If only my tools and office were that clean!!
Unfortunately my tools are always being used and my trucks always on the road.
Hehe! :laughing:


----------



## Mudshark (Feb 8, 2009)

Wow - Machinemud you are very well organized - nice tools.

I think Columbia would be happy with your choice of color.


----------



## eastex1963 (Nov 6, 2008)

Man that looks great! I'd have it looking like a truck hit it in a day or two! lol. I have a bad habit of just throwing crap everywhere. I think I just gave up years ago trying to keep things organized. With the crew I have it was kinda like "if you can't beat 'em, join 'em". I just got tired of putting things up behind them. Now I make THEM hunt for stuff. Of course I cuss 'em while they're doing it! lol

Hey MM, stupid question I know, but what is that silver thing to the right of the bakers scaffold? Please excuse me, I'm from the sticks...lol.


----------



## machinemud (Jul 21, 2010)

*,*

thanks guys ! the thing is i clean my tools each time i use it ! really easy with the sink in my garage , it took 5 minutes and my tool stay mint condition !


----------



## Mudshark (Feb 8, 2009)

Eastex - I think you are looking at 2 things there.
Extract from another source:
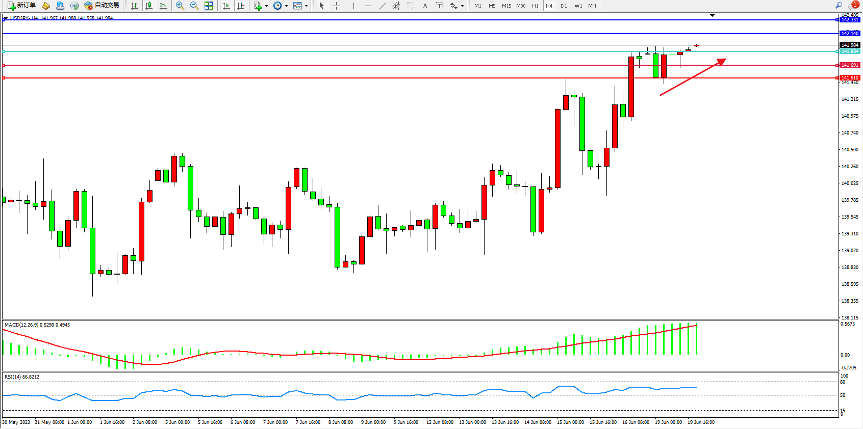 4小时图看:高位多头动力维持震荡上移,市场看涨情绪持续,短期有继续向上移动迹象,MACD指标处于多头区域高位整理,RSI指标处于多头区域维持震荡;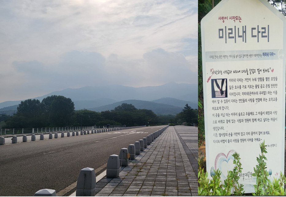 미리내 다리 모습이다. "미리내 다리는 거인이 누워 양팔을 펼친 모양을 닮은 호수를 가로 지르는 물빛 곱고 은빛 찬란한 다리 미리내(은하수의 우리말)에서 알 수 있듯이 다리는 연인들의 사랑을 연결해 주는 오작교를 떠 오르게 한다. 이곳을 지날때는 아무리 슬프고 우울해도 그 마음이 희망과 사랑으로 바뀌고 곁에 있는 사람과 영원히 함께 하고 싶다는 마음이 생긴단다. 지금, 옆 사람의 손을 가만히 잡고 다리 끝까지 걸어 보시라. 다리의 마법이 둘의 사랑을 영원히 지켜줄 것이다."

On the top is an telscopic extension ladder and the bottom is a collapsed mini scaffold


----------



## machinemud (Jul 21, 2010)

*.*

mudshark is right , a have a 6 feet yellow baker , next, is a telescopic ladder and a 4 foot baker !


----------



## eastex1963 (Nov 6, 2008)

Ahh! Now I see it. I don't have any bakers. We hang all our own rock so I only have 5x5 frames. The bakers get a little too shaky for my liking with a sheet of 12 over my head on a vault. Thanks for clearing me up on that!


----------



## moore (Dec 2, 2010)

NICE Machinemud:yes: I'd give my left nut for a drinking room of that size..


----------



## PrecisionTaping (Feb 2, 2012)

Extend-A-Planks are badass too!
I have one that looks about the same size.
I used to think they were so expensive until I picked one up used and now I cant go without them. :thumbsup:


----------



## machinemud (Jul 21, 2010)

*,*

Thanks guys for the comments and the few private message , the kitchens cabinet that you see in my garage , i took then on a job i was doing , the guys was about to put them in the container . And no i don't hhave all the columbia tools , since my tools were stolen a couple month ago , the only things that i did not buy back yet is the automatic taper and the 2 inch nail spotter . Everything else i had to buy it again .


----------